IN NOME DEL POPOLO ITALIANO

Il Consiglio di Stato in sede giurisdizionale

(Sezione Quarta)

ha pronunciato la seguente

DECISIONE

sul ricorso in appello n. 5750 del 2006, proposto da

Nu.Ma., rappresentato e difeso dall'avv.to Ma.P.Ch. ed elettivamente domiciliato presso lo studio dell'avv.

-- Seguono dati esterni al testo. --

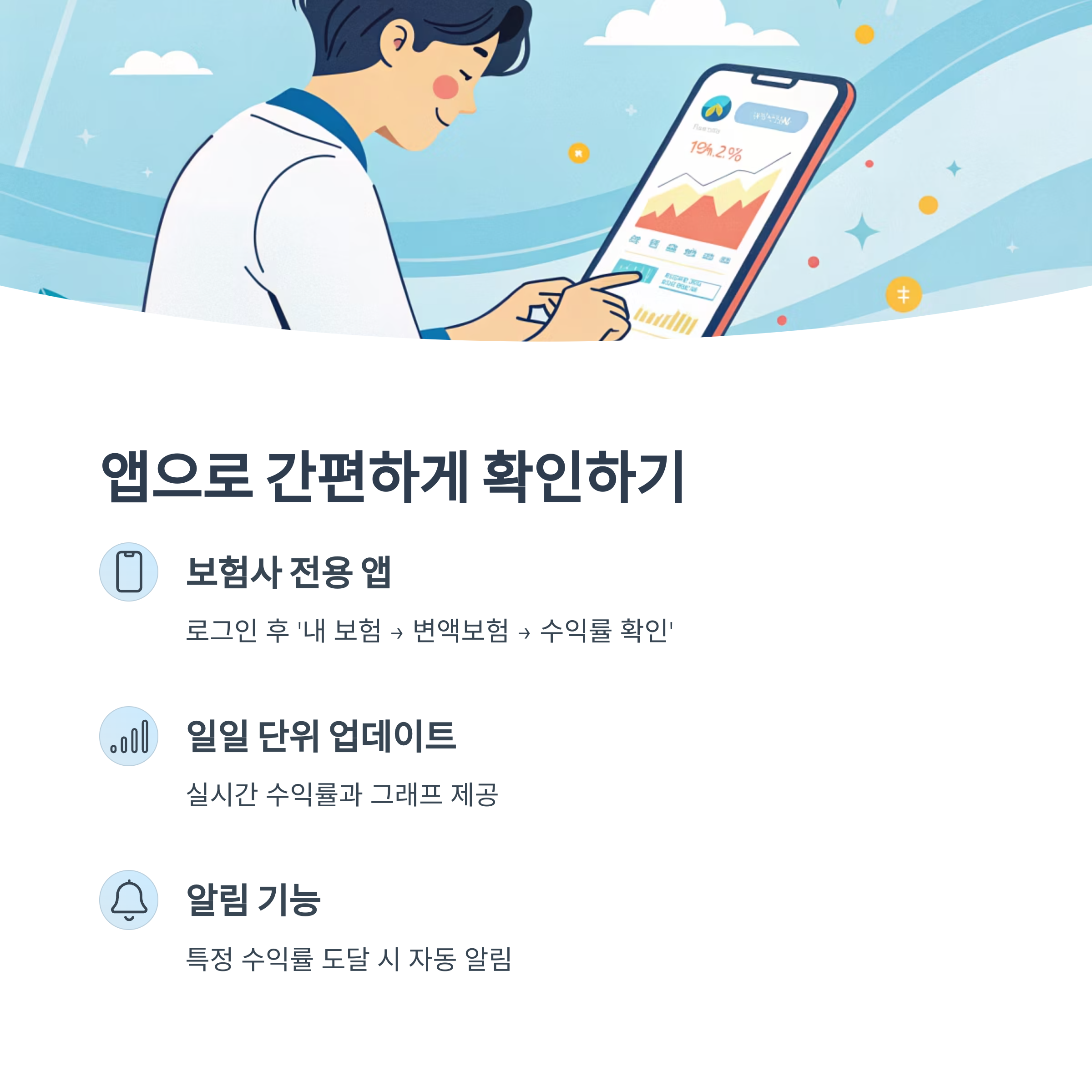 앱에 따라 차이는 있지만, 대부분의 앱에는 '내 보험 → 변액보험 → 수익률 확인'이라는 구조로 구성되어 있어 직관적이에요. 일부 앱은 알림 기능도 제공해서, 특정 수익률에 도달하면 자동으로 알려주는 기능도 있어요. 정말 편리하죠? 😄

Gu.Al., in Ro., piazza Be.Ca., (...);

contro

Ce.Fr. e Pe.Im., costituitisi in giudizio, rappresentati e difesi dagli avv.ti Se.Do. e Ro.Zu. ed elettivamente domiciliati presso lo studio della prima, in Ro., via Pa., (...);

e nei confronti di

Comune di Mo.Te., in persona del Sindaco p.t., costituitosi in giudizio, rappresentato e difeso dall'avv.to Ma.Gi. ed elettivamente domiciliato presso lo studio Gr. s.r.l., in Ro., lungotevere Fl., (...), Palazzo (...), Scala B;

per l'annullamento

della sentenza del Tribunale Amministrativo Regionale per la Toscana 24 gennaio 2006, n. 172.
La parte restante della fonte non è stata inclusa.